▶ **Given data**
+ + + + + + +
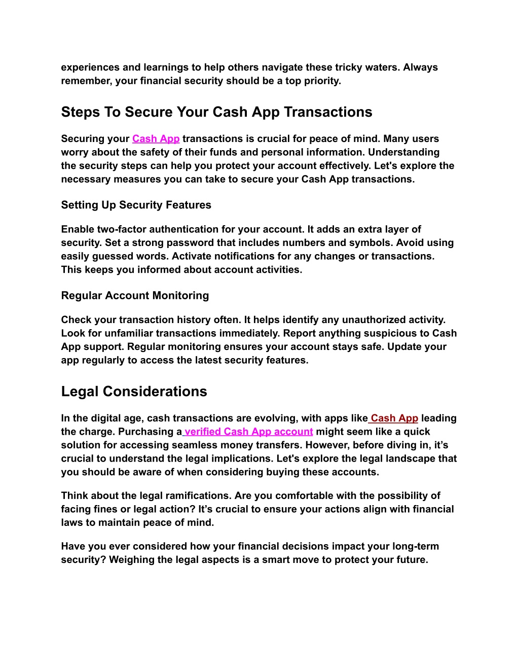 experiences and learnings to help others navigate these tricky waters. Always remember, your financial security should be a top priority. Steps To Secure Your Cash App Transactions Securing your Cash App transactions is crucial for peace of mind. Many users worry about the safety of their funds and personal information. Understanding the security steps can help you protect your account effectively. Let's explore the necessary measures you can take to secure your Cash App transactions. Setting Up Security Features Enable two-factor authentication for your account. It adds an extra layer of security. Set a strong password that includes numbers and symbols. Avoid using easily guessed words. Activate notifications for any changes or transactions. This keeps you informed about account activities. Regular Account Monitoring Check your transaction history often. It helps identify any unauthorized activity. Look for unfamiliar transactions immediately. Report anything suspicious to Cash App support. Regular monitoring ensures your account stays safe. Update your app regularly to access the latest security features. Legal Considerations In the digital age, cash transactions are evolving, with apps like Cash App leading the charge. Purchasing averified Cash App account might seem like a quick solution for accessing seamless money transfers. However, before diving in, it’s crucial to understand the legal implications. Let's explore the legal landscape that you should be aware of when considering buying these accounts. Think about the legal ramifications. Are you comfortable with the possibility of facing fines or legal action? It’s crucial to ensure your actions align with financial laws to maintain peace of mind. Have you ever considered how your financial decisions impact your long-term security? Weighing the legal aspects is a smart move to protect your future.
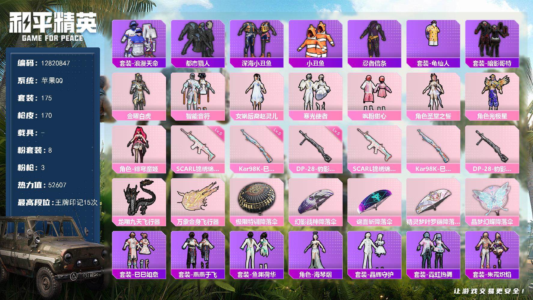 _2287857-可二次-苹果q-2稀有8粉装3特效呛15热门175套装170呛皮52607热力值15印记4卓越历史超级王牌14星小雾神同款身法素材号赵灵儿都市天命红眼罩深海小丑鱼满级斯嘎小丑鱼身法鲨鱼裤tt战斗服水银刺客破蛋小黄鸡粉熊包【2稀有】都市猎人浪漫天命【8粉装】圣堂之誓赵灵儿绯穹魔姬光极星金曜白虎飒粉甜心智能音符寒光使者【3特效呛】scar-l-锦绣绵绵5级kar98k-巳巳如意5级dp-28-豹影疾电5级【15热门】小丑鱼龟仙人梦魇先生呆萌铁蟹迅捷狂鲨深海小丑鱼tt战队服暗影哥特忍者信条水银刺客漫步者破蛋小黄鸡极速红龙弄潮海豚m762-奇异狩猎者【1飞行器】龙翔九天飞行器【2头盔】幻影战神头盔深海小丑鱼头盔【3背包】幻影战神背包萌熊伴侣背包深海小丑鱼背包营地id:910580612
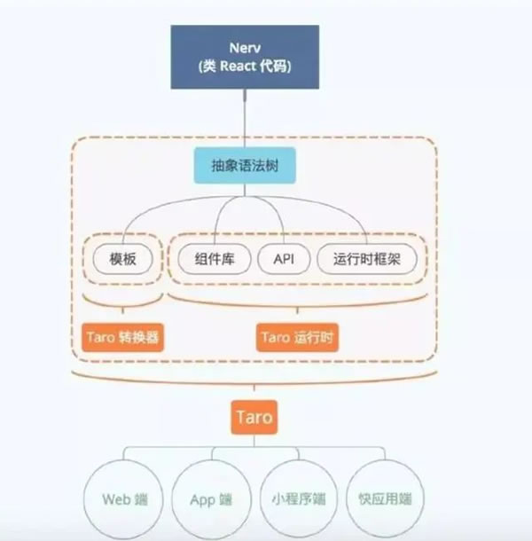 (2) Taro–一次编写,多端运行Taro 是由京东 – 凹凸实验室打造的一套遵循 React 语法规范的多端统一开发框架。通过 Taro 的编译工具,将源代码分别编译出可以在不同端(微信小程序、快应用等)运行的代码。
+ + + + + + +
▶ **Work item**
Keep the pictures out of the copy and return the rest of the data above exactly.

▶ **Answer below**
 experiences and learnings to help others navigate these tricky waters. Always remember, your financial security should be a top priority. Steps To Secure Your Cash App Transactions Securing your Cash App transactions is crucial for peace of mind. Many users worry about the safety of their funds and personal information. Understanding the security steps can help you protect your account effectively. Let's explore the necessary measures you can take to secure your Cash App transactions. Setting Up Security Features Enable two-factor authentication for your account. It adds an extra layer of security. Set a strong password that includes numbers and symbols. Avoid using easily guessed words. Activate notifications for any changes or transactions. This keeps you informed about account activities. Regular Account Monitoring Check your transaction history often. It helps identify any unauthorized activity. Look for unfamiliar transactions immediately. Report anything suspicious to Cash App support. Regular monitoring ensures your account stays safe. Update your app regularly to access the latest security features. Legal Considerations In the digital age, cash transactions are evolving, with apps like Cash App leading the charge. Purchasing averified Cash App account might seem like a quick solution for accessing seamless money transfers. However, before diving in, it’s crucial to understand the legal implications. Let's explore the legal landscape that you should be aware of when considering buying these accounts. Think about the legal ramifications. Are you comfortable with the possibility of facing fines or legal action? It’s crucial to ensure your actions align with financial laws to maintain peace of mind. Have you ever considered how your financial decisions impact your long-term security? Weighing the legal aspects is a smart move to protect your future.
 _2287857-可二次-苹果q-2稀有8粉装3特效呛15热门175套装170呛皮52607热力值15印记4卓越历史超级王牌14星小雾神同款身法素材号赵灵儿都市天命红眼罩深海小丑鱼满级斯嘎小丑鱼身法鲨鱼裤tt战斗服水银刺客破蛋小黄鸡粉熊包【2稀有】都市猎人浪漫天命【8粉装】圣堂之誓赵灵儿绯穹魔姬光极星金曜白虎飒粉甜心智能音符寒光使者【3特效呛】scar-l-锦绣绵绵5级kar98k-巳巳如意5级dp-28-豹影疾电5级【15热门】小丑鱼龟仙人梦魇先生呆萌铁蟹迅捷狂鲨深海小丑鱼tt战队服暗影哥特忍者信条水银刺客漫步者破蛋小黄鸡极速红龙弄潮海豚m762-奇异狩猎者【1飞行器】龙翔九天飞行器【2头盔】幻影战神头盔深海小丑鱼头盔【3背包】幻影战神背包萌熊伴侣背包深海小丑鱼背包营地id:910580612
 (2) Taro–一次编写,多端运行Taro 是由京东 – 凹凸实验室打造的一套遵循 React 语法规范的多端统一开发框架。通过 Taro 的编译工具,将源代码分别编译出可以在不同端(微信小程序、快应用等)运行的代码。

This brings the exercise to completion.